THE DATA: Begin
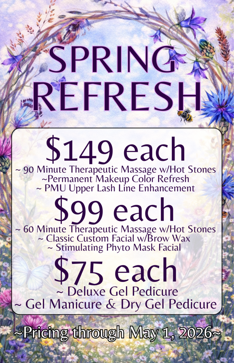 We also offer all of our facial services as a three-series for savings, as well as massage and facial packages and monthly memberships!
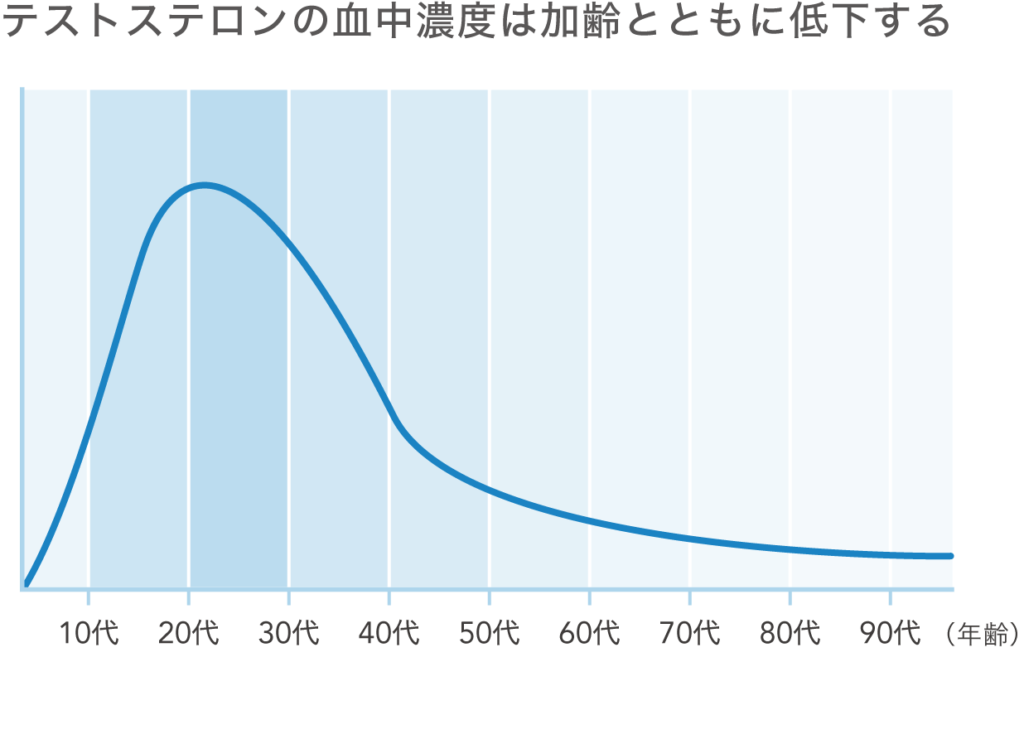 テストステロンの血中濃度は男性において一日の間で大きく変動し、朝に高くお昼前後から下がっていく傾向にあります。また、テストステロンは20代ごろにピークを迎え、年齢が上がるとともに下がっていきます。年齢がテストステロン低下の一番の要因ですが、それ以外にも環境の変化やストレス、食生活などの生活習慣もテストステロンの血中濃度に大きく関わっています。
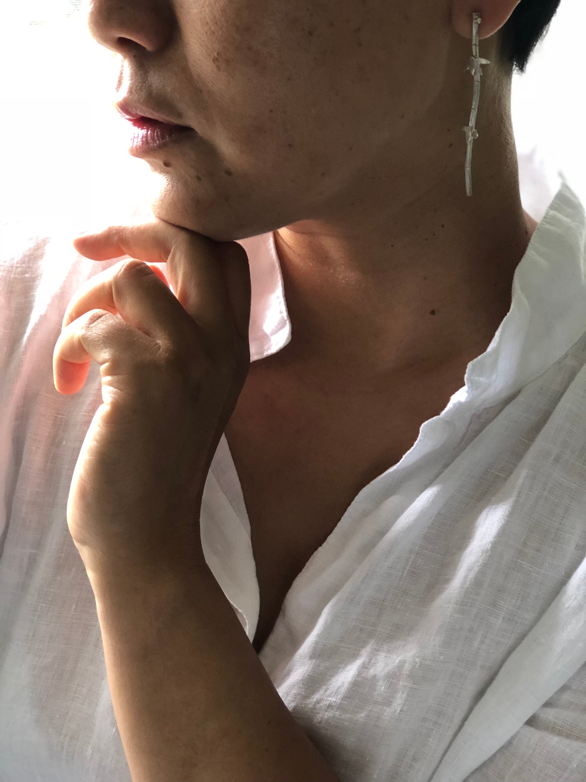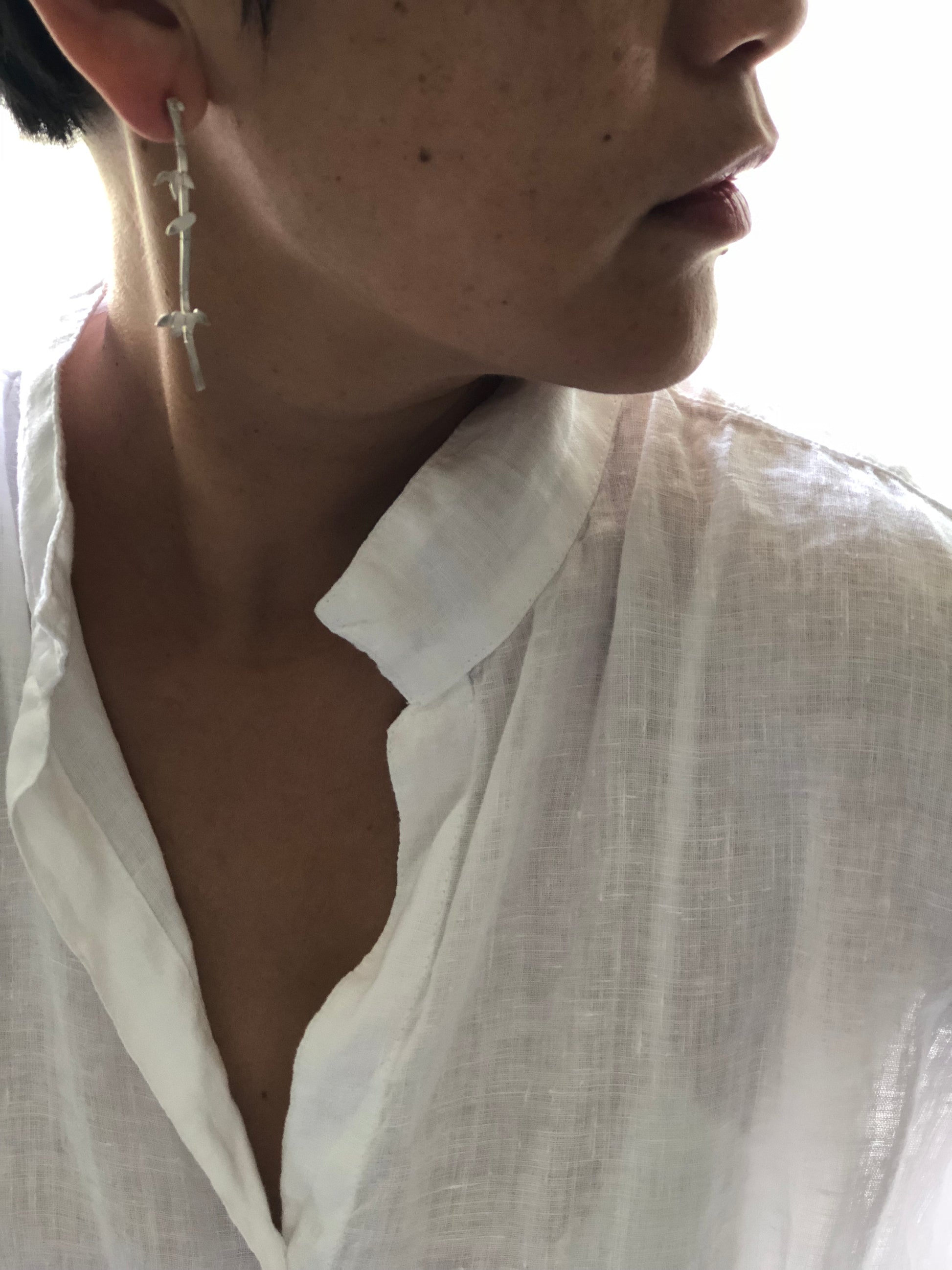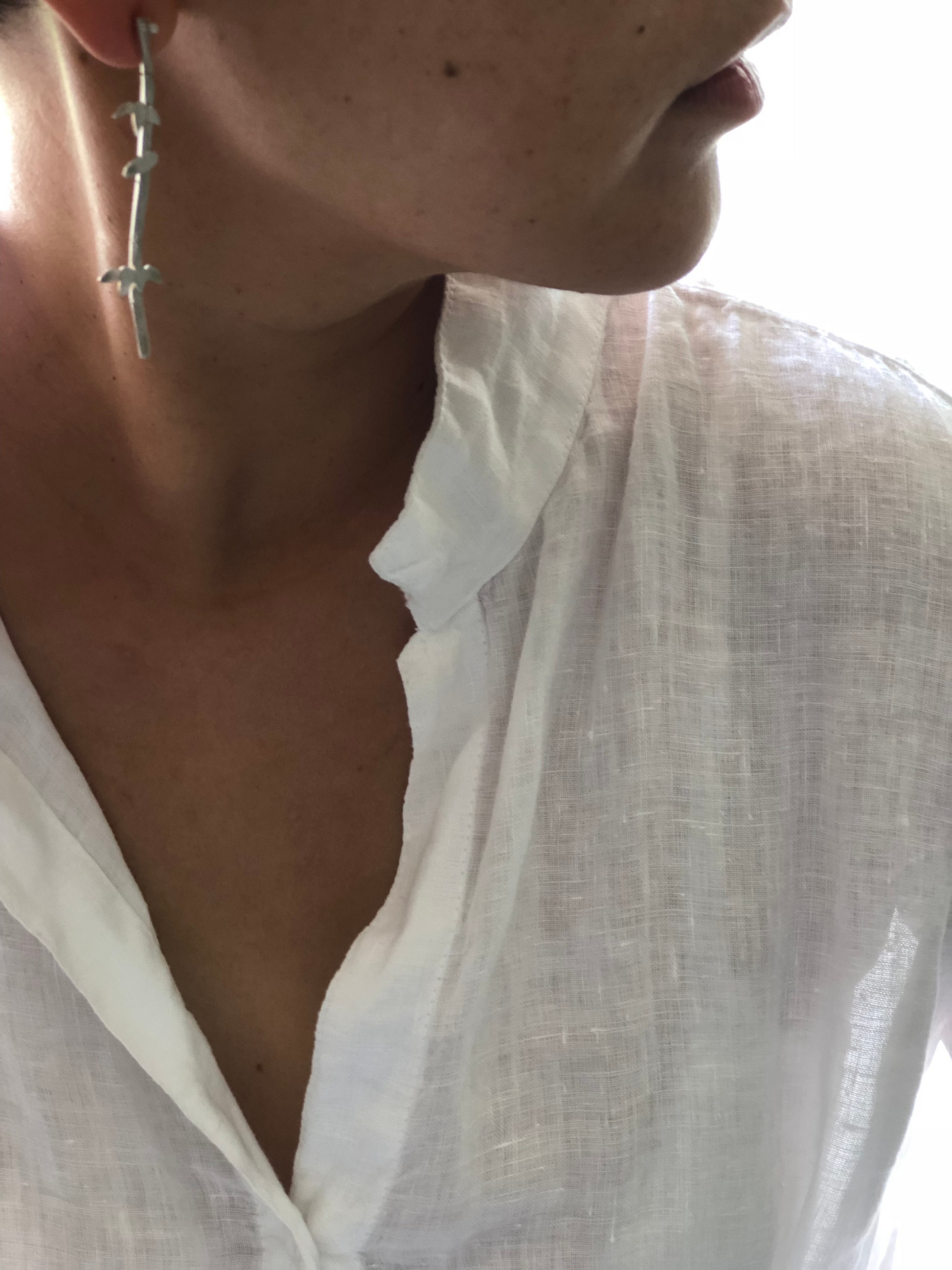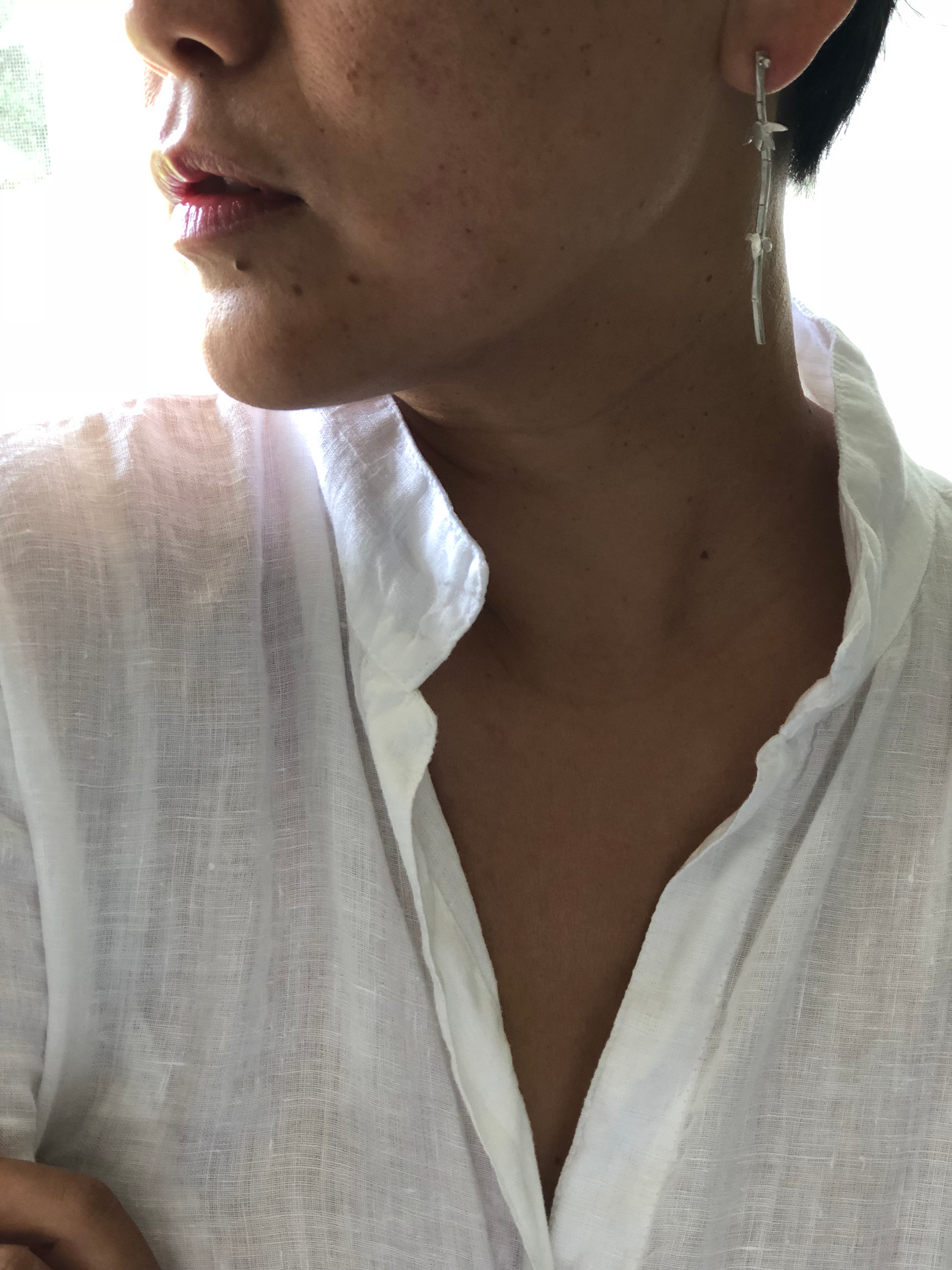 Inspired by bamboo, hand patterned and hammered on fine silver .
THE DATA: End
**WHAT YOU NEED TO DO**
Repeat the listing verbatim without its pictures.

**PROBLEM SOLUTION**
 We also offer all of our facial services as a three-series for savings, as well as massage and facial packages and monthly memberships!
 テストステロンの血中濃度は男性において一日の間で大きく変動し、朝に高くお昼前後から下がっていく傾向にあります。また、テストステロンは20代ごろにピークを迎え、年齢が上がるとともに下がっていきます。年齢がテストステロン低下の一番の要因ですが、それ以外にも環境の変化やストレス、食生活などの生活習慣もテストステロンの血中濃度に大きく関わっています。
 Inspired by bamboo, hand patterned and hammered on fine silver .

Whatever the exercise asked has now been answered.